⑦「無不~」は、「~ざるはなし」とよみ、「~しないものはない」と訳す。二重否定。「有才無不適=才有らば適せざる無(な)し」〈才能があれば、(どこにいても)心にかなわないことはないでしょう〉〔高適・送柴司戸充劉卿判官之嶺外〕▽「莫不~」も、「~ざるはなし」とよみ、意味・用法ともに同じ。

⑧「無非~」は、「~(に)あらざるはなし」とよみ、「~でないものはない」と訳す。二重否定。「動無非法=動くこと法に非(あら)ざるは無(な)し」〈いっさいの行動はすべて法に基づかないものはなくなる〉〔韓非子・有度〕▽「莫非~」も、「~(に)あらざるはなし」とよみ、意味・用法ともに同じ。
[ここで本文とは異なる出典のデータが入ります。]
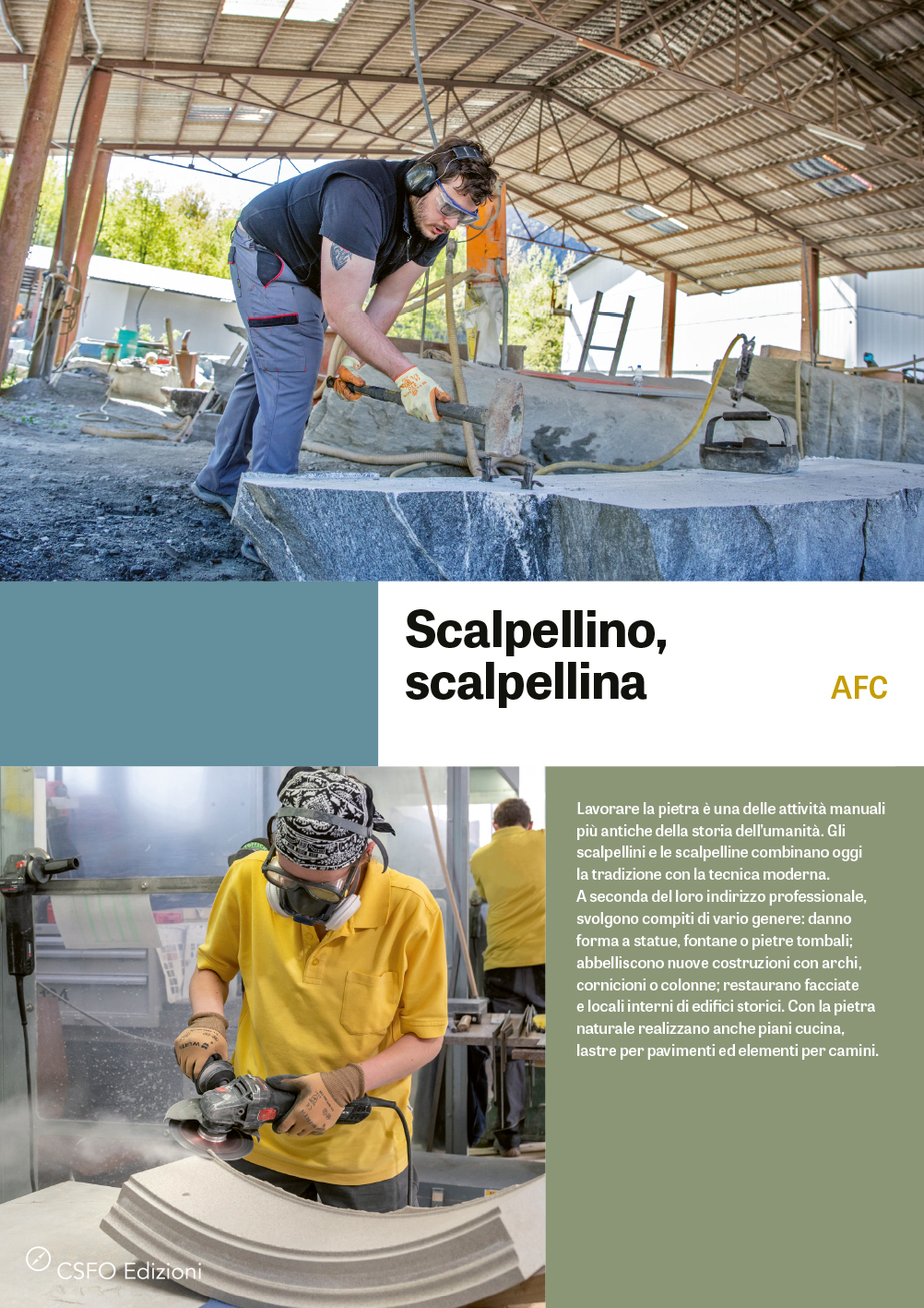Lavorare la pietra è una delle attività manuali più antiche della storia dell’umanità. Gli scalpellini e le scalpelline combinano oggi la tradizione con la tecnica moderna. A seconda del loro indirizzo professionale, svolgono compiti di vario genere: danno forma a statue, fontane o pietre tombali; abbelliscono nuove costruzioni con archi, cornicioni o colonne; restaurano facciate e locali interni di edifici storici. Con la pietra naturale realizzano anche piani cucina, lastre per pavimenti ed elementi per camini.

⑨「無寧~」は、「むしろ~か・や」「むしろ~なからんか・や」とよみ、「~のほうがいい」「~のほうがましである」と訳す。反語で、婉曲に断定する意を示す。「且予与其死於臣之手也、無寧死於二三子之手乎=かつ予(わ)れその臣の手に死なん与(よ)りは、無寧(むしろ)二三子の手に死なん」〈それにわしは家来などの手で死ぬよりは、むしろお前たちの手で死にたいものだね〉〔論語・子罕〕

⑩「無(毋)乃~乎(与)」は、「すなわち~なからんや」「むしろ~や」とよみ、「どちらかといえば~ではないか」と訳す。婉曲に断定する意を示す。「居簡而行簡、無乃大簡乎=簡に居て簡を行ふは、乃(すなは)ち大(はなは)だ簡なること無(な)からん」〈鷹揚に構えて鷹揚に行うのでは、余りに鷹揚すぎるのではないだろうか〉〔論語・雍也〕

字通

仮借、もと象形。人の舞う形で、舞の初文。卜文に無を舞(雨乞いの祭)の字に用い、ときに雨に従う形に作る。有無の無の意に用いるのは仮借。のちもっぱらその仮借義に用いる。〔説文〕六上に「豊かなり」と訓し、字を林に従う字とする。〔説文〕が林とするその部分は、舞袖の飾りとして加えたもので、金文に見えるその字形を、誤り伝えたものである。また「豊かなり」の訓も、〔爾雅、釈詁〕「蕪は豊かなり」とみえる蕪字の訓である。〔説文〕にまた「或いはう、規模の字なり。大册に従うは、数の積なり。林なる者は、木の多きなり。册と庶と同意なり」とし、「商書に曰く、庶草繁蕪す」と〔書、洪範〕の文を引く。今本に「蕪 外字ばんぶ」に作る。〔説文〕は字を林に従うものとして林部に属し、そこから繁蕪の意を求めるが、林は袖の飾り、字は人が両袖をひろげて舞う形。のち両足を開く形であるせんを加えて、舞となる。いま舞には舞を用い、無は有無の意に専用して区別する。

訓義

  1. まう、まい。舞の初文。
  2. ない、なし、あらず、なかれ、いな。
  3. むなしい、虚無。
  4. 蕪と通じ、しげる、ゆたか。
  5. 字はまた无に作る。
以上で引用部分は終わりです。